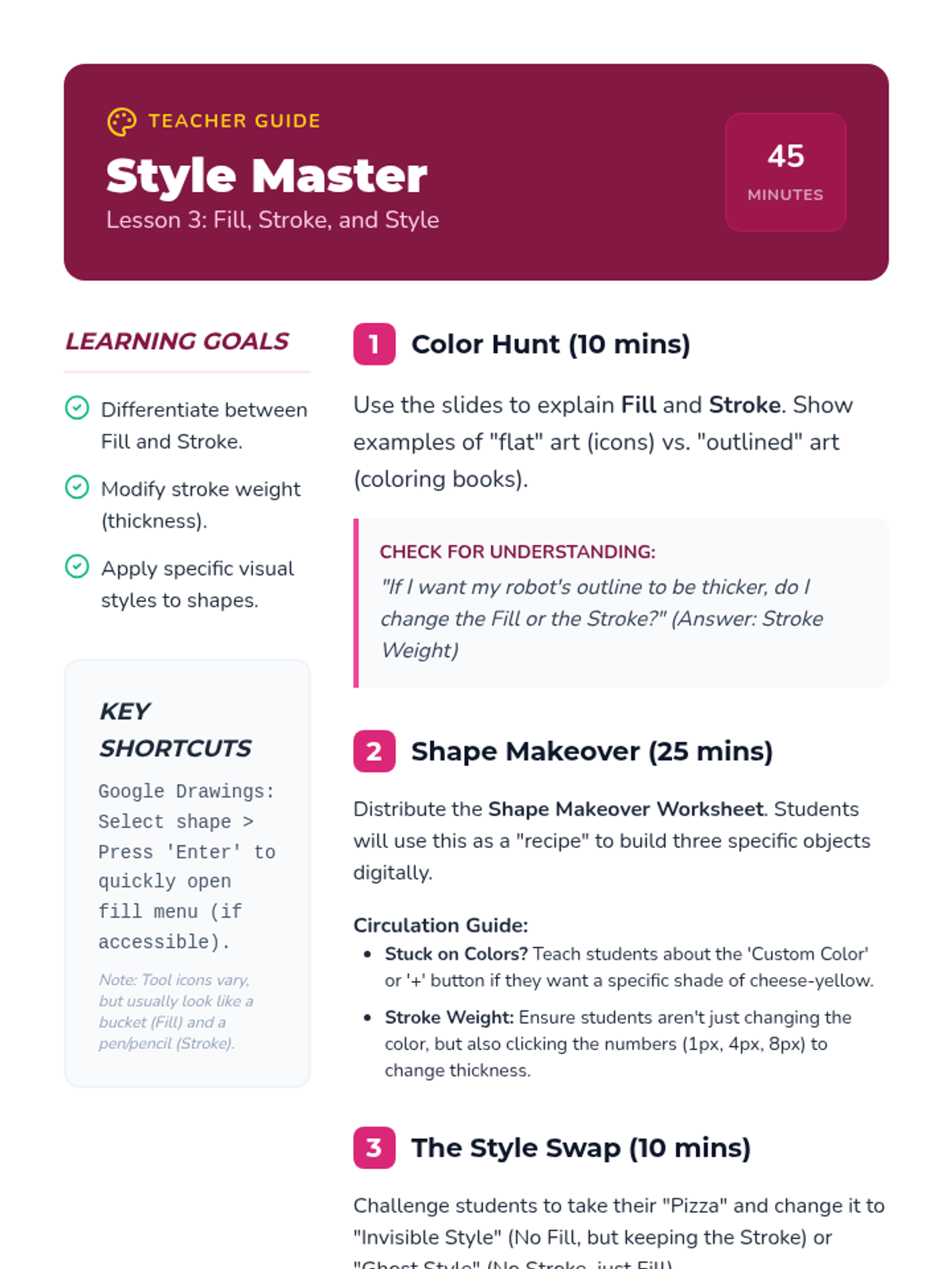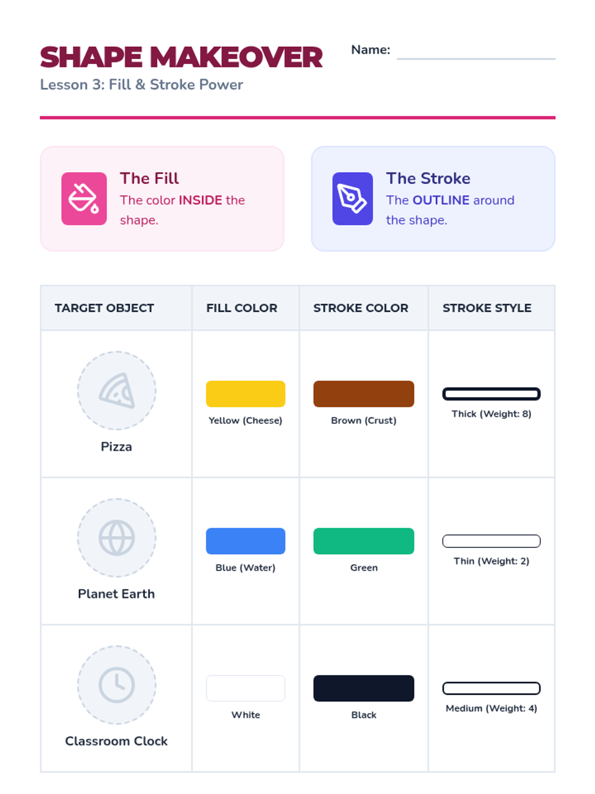 Students learn to customize shapes using fill (inside color) and stroke (outline) settings to create different styles.
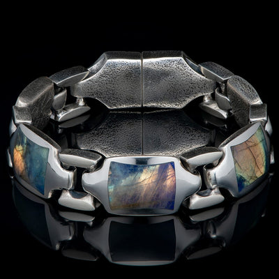 Men's Sterling Silver Labradorite and White Topaz Link Bracelet by William Henry Studio
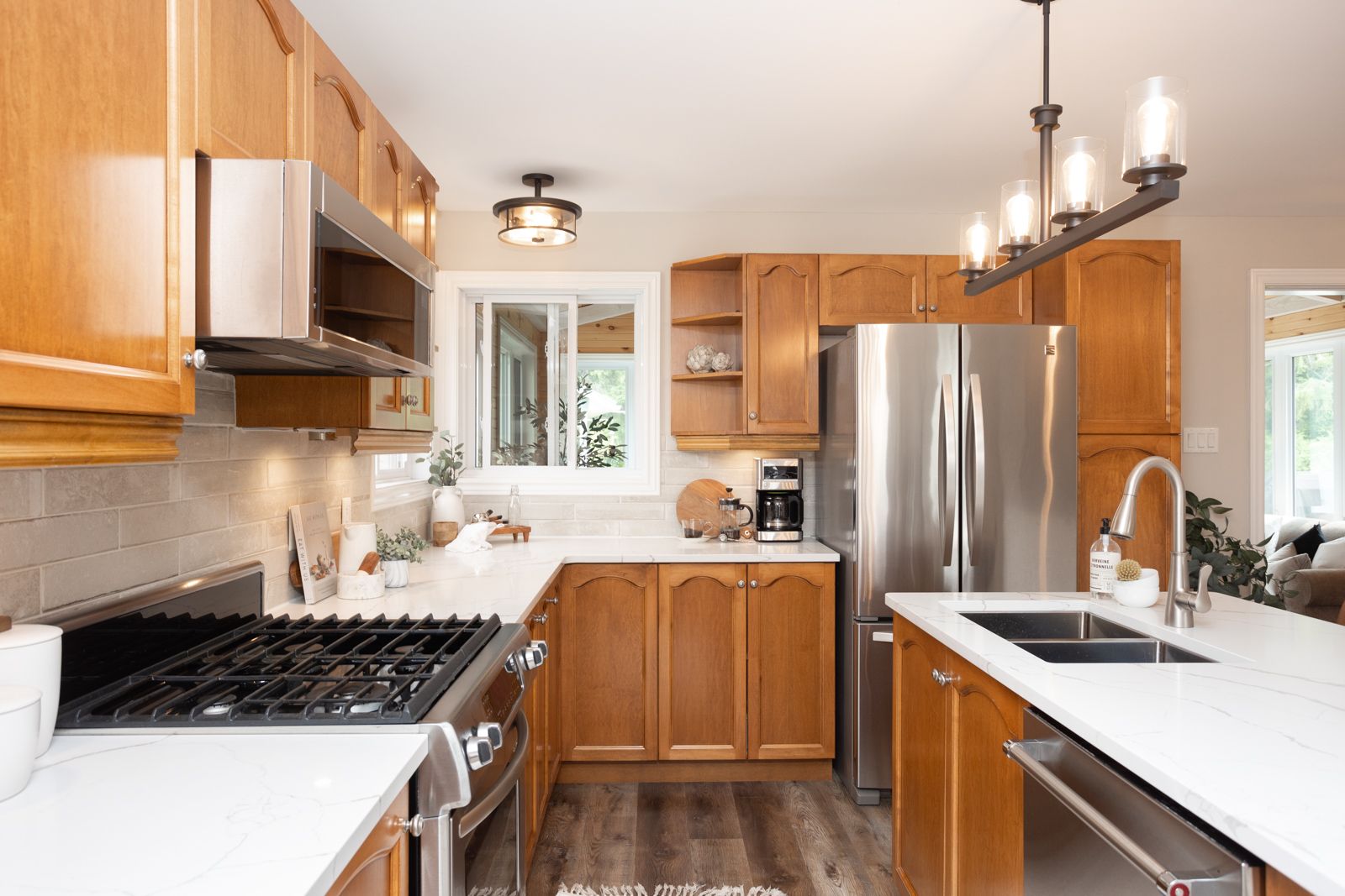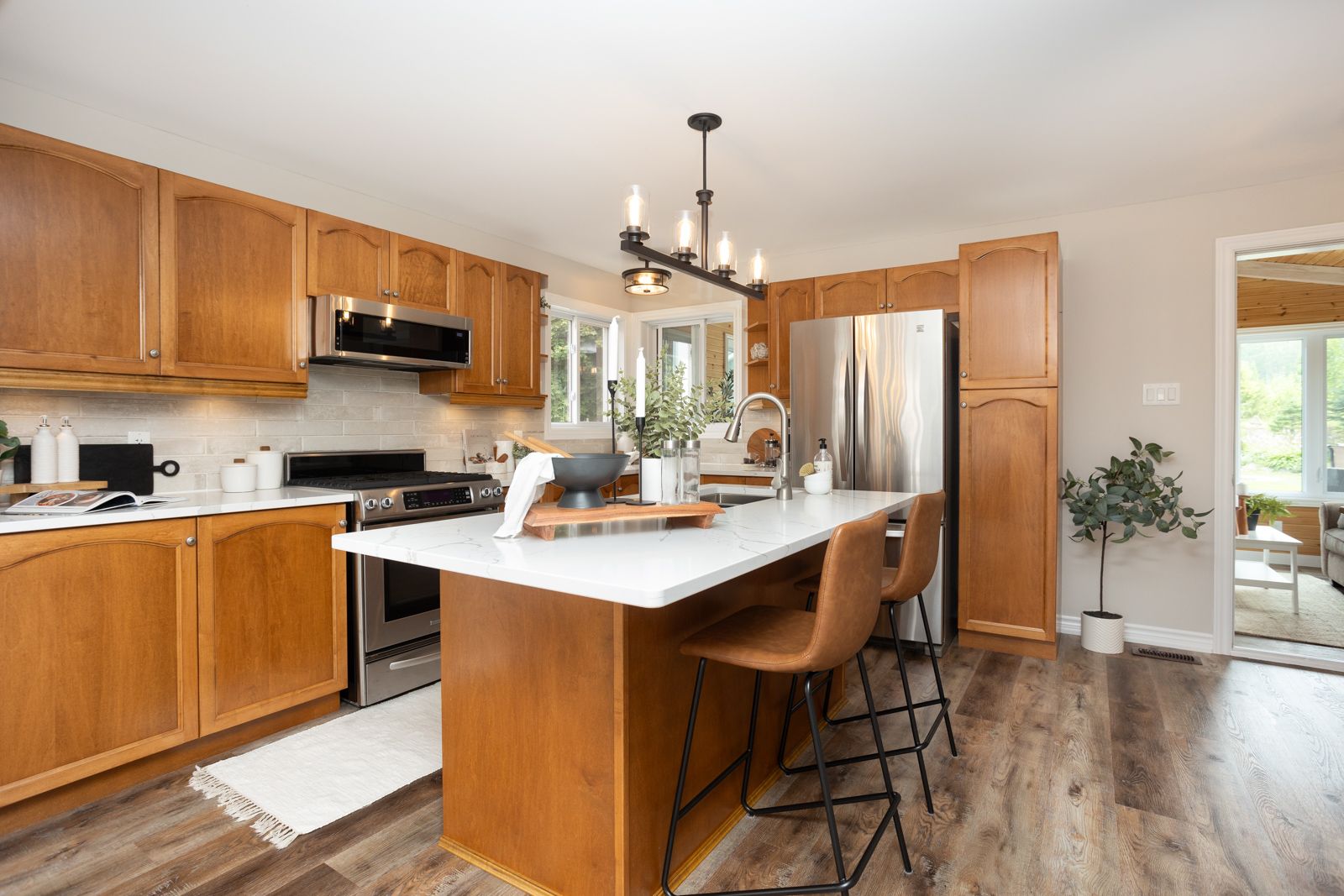 concept Kitchen w/ SS Appliances, quartz countertops, large island, w/ W/O to cozy fully insulated 4 Season Sunroom w/
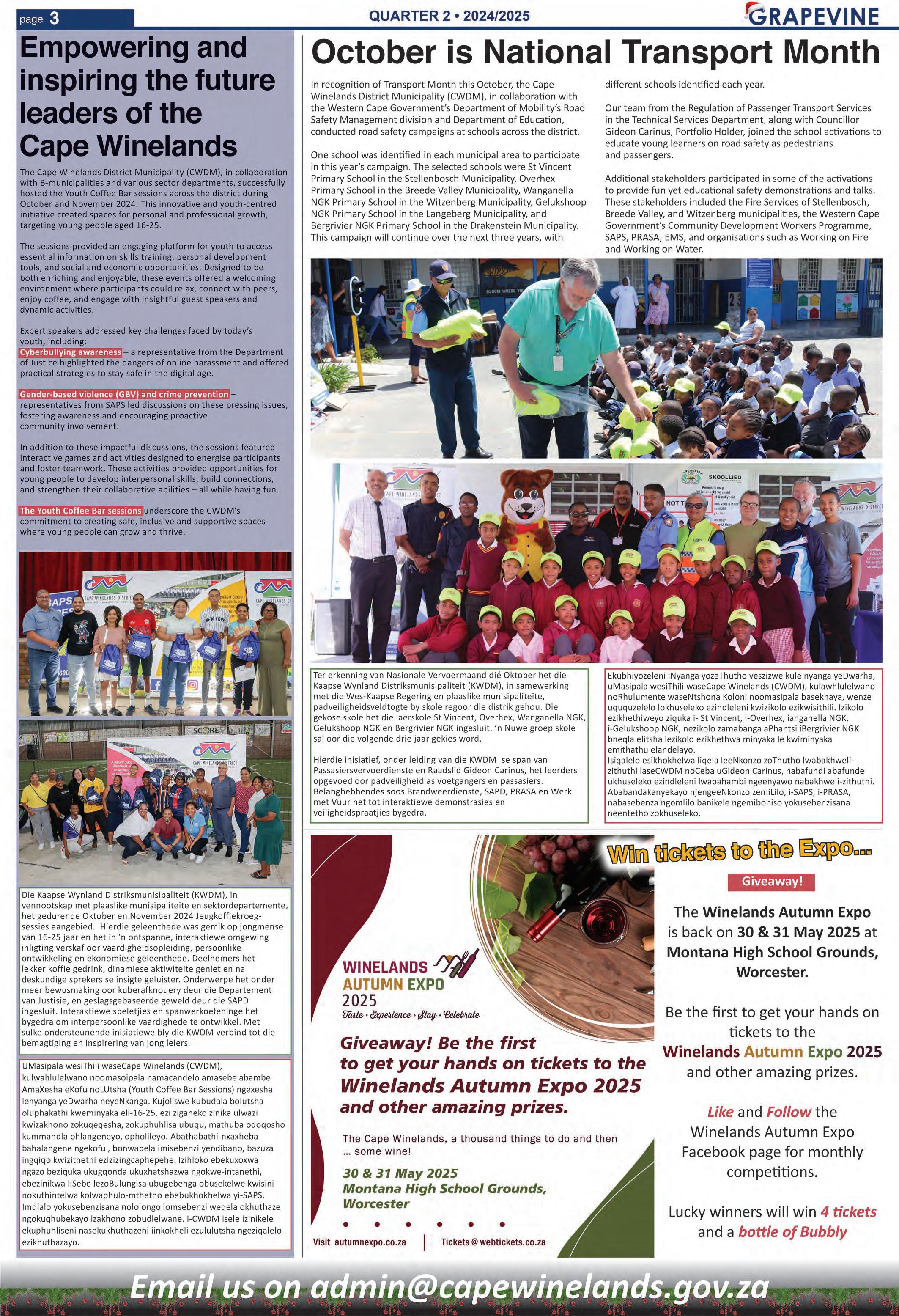 The nearly 50 Environmental Health Practitioners (EHPs) appointed as inspectors of the MHS division of the Cape Winelands District Municipality are responsible for the administration and enforcement of the Foodstuffs, Cosmetics and Disinfectants Act, 1972 (Act 54 of 1972) within the jurisdiction of the CWDM.
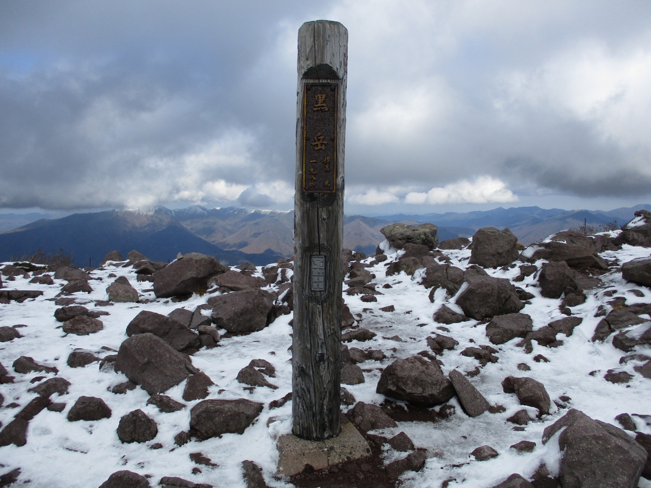 7合目より黒岳頂上を目指しました。1時間半後、やっと頂上に到着しました。頂上には団体登山客がいました。天候は良好でしたが、黒岳山頂は日本でもっとも早く雪が降る場所のひとつで、10月初めの週末でしたが雪が積もっていました。
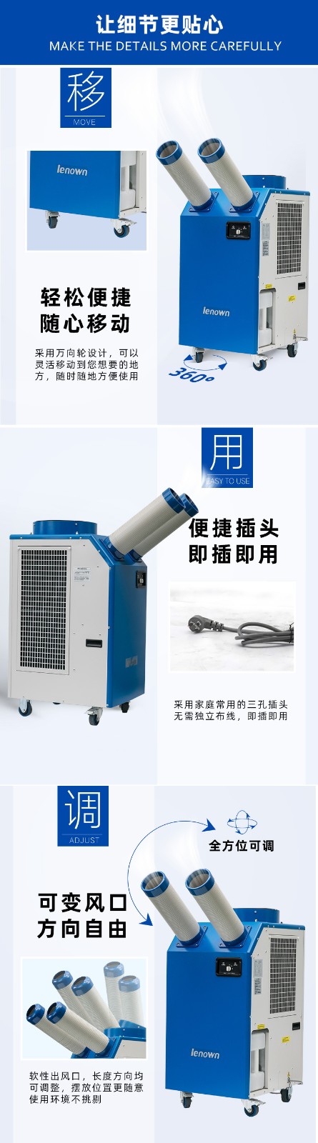 6、兩個(gè)冷風(fēng)口均可270度旋轉,適用于3-5個(gè)崗位的降溫
***
What is needed: Leaving all pictures aside, print exactly the lines from the one that contains "Men's Sterling Silver" through the last line of the data above, inclusive.

Answer space:
 Men's Sterling Silver Labradorite and White Topaz Link Bracelet by William Henry Studio
 concept Kitchen w/ SS Appliances, quartz countertops, large island, w/ W/O to cozy fully insulated 4 Season Sunroom w/
 The nearly 50 Environmental Health Practitioners (EHPs) appointed as inspectors of the MHS division of the Cape Winelands District Municipality are responsible for the administration and enforcement of the Foodstuffs, Cosmetics and Disinfectants Act, 1972 (Act 54 of 1972) within the jurisdiction of the CWDM.
 7合目より黒岳頂上を目指しました。1時間半後、やっと頂上に到着しました。頂上には団体登山客がいました。天候は良好でしたが、黒岳山頂は日本でもっとも早く雪が降る場所のひとつで、10月初めの週末でしたが雪が積もっていました。
 6、兩個(gè)冷風(fēng)口均可270度旋轉,適用于3-5個(gè)崗位的降溫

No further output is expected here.